When I was Dr. Harvey Thomas’s senior assistant in the Psychology Department at William Jewell College, he drew me aside one day to talk to me about my past. He knew that my background as a child of divorce, with an absent father and a mother who had died when I was ten, placed me in an at-risk category. He wanted to assure me that I was successful enough to rise above that risk. And thus he gave me increased confidence to do just that. 

Recently I have encountered the terminology of headwinds and tailwinds employed to address our experiences and attitudes in life. Technically, says Wikipedia, “A tailwind is a wind that blows in the direction of travel of an object, while a headwind blows against the direction of travel. A tailwind increases the object's speed and reduces the time required to reach its destination, while a headwind has the opposite effect.” 

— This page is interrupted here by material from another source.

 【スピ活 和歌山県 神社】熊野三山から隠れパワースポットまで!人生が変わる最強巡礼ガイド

I have always found that labeling a thing makes it more understandable and manageable. Dr. Thomas was telling me, without employing that language, that my tailwinds could propel me forward with greater energy than my headwinds could hold me back.

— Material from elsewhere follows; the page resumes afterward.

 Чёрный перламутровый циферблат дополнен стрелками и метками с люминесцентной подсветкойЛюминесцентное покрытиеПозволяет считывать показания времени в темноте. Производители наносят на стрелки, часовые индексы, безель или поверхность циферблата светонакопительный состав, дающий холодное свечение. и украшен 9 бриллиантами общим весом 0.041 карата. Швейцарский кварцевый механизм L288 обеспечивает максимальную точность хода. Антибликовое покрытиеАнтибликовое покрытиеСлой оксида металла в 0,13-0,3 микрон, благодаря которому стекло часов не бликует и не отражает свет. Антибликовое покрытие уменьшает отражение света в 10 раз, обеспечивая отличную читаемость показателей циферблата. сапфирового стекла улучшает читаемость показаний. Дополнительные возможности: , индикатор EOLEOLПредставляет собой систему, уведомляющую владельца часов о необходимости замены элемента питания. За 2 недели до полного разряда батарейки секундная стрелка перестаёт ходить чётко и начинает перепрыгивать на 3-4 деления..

In considering my life, I have realized that, in addition to headwinds that were blowing on me because of my past—headwinds that embarrassed and shamed me—there were, and continue to be, headwinds that I create for myself. When I spend time focusing on things beyond my control, I have less time and energy to actually deal with things I can control. When I misinterpret other people’s behavior, when I obsessively ruminate about an issue, when I try to rewrite the past, I am creating headwinds that can have a negative effect on my life. And research suggests that we risk focusing on the headwinds to the detriment of embracing the tailwinds.

But, I am so grateful for the tailwinds that I have experienced. Teachers have offered me encouragement to rise above poverty and have guided me, encouraging me that I could be my best. I remember Miss Guffin, my very demanding home economics teacher, who made sure the sewing class actually produced professional-looking apparel: skirts, dresses, suits, and coats, providing me a wardrobe through college and beyond.

Calvary Baptist Church in Kansas City where I grew up offered me an enriching experience through Sunday School, Training Union, Bible School, and YWA, where my winning the Sword Drill competition (“Attention!” “Draw Swords!” “Charge!”) awarded me an eye-opening trip to Ridgecrest, never mind that it was on a hot and bumpy school bus. 

Dr. H.I. Hester rescued me when he located/created funding to support my continuing at William Jewell, and Dr. Thomas wrote me a fine recommendation that admitted me to a fine graduate school. The tailwinds have continued: a wonderful and supportive husband, two amazing children, a richly loving congregation at Second Baptist Church, a stimulating college—where I both attended and taught.  And so many more.

Yes, the headwinds continue, including multiple surgeries, insecurities, regrets, and mistakes. But with a growing faith supported by the leadership from Second Baptist, the blessing of relationships in small groups, and an opportunity to serve in a variety of ways, the headwinds are diminished and the tailwinds prevail. I am blessed.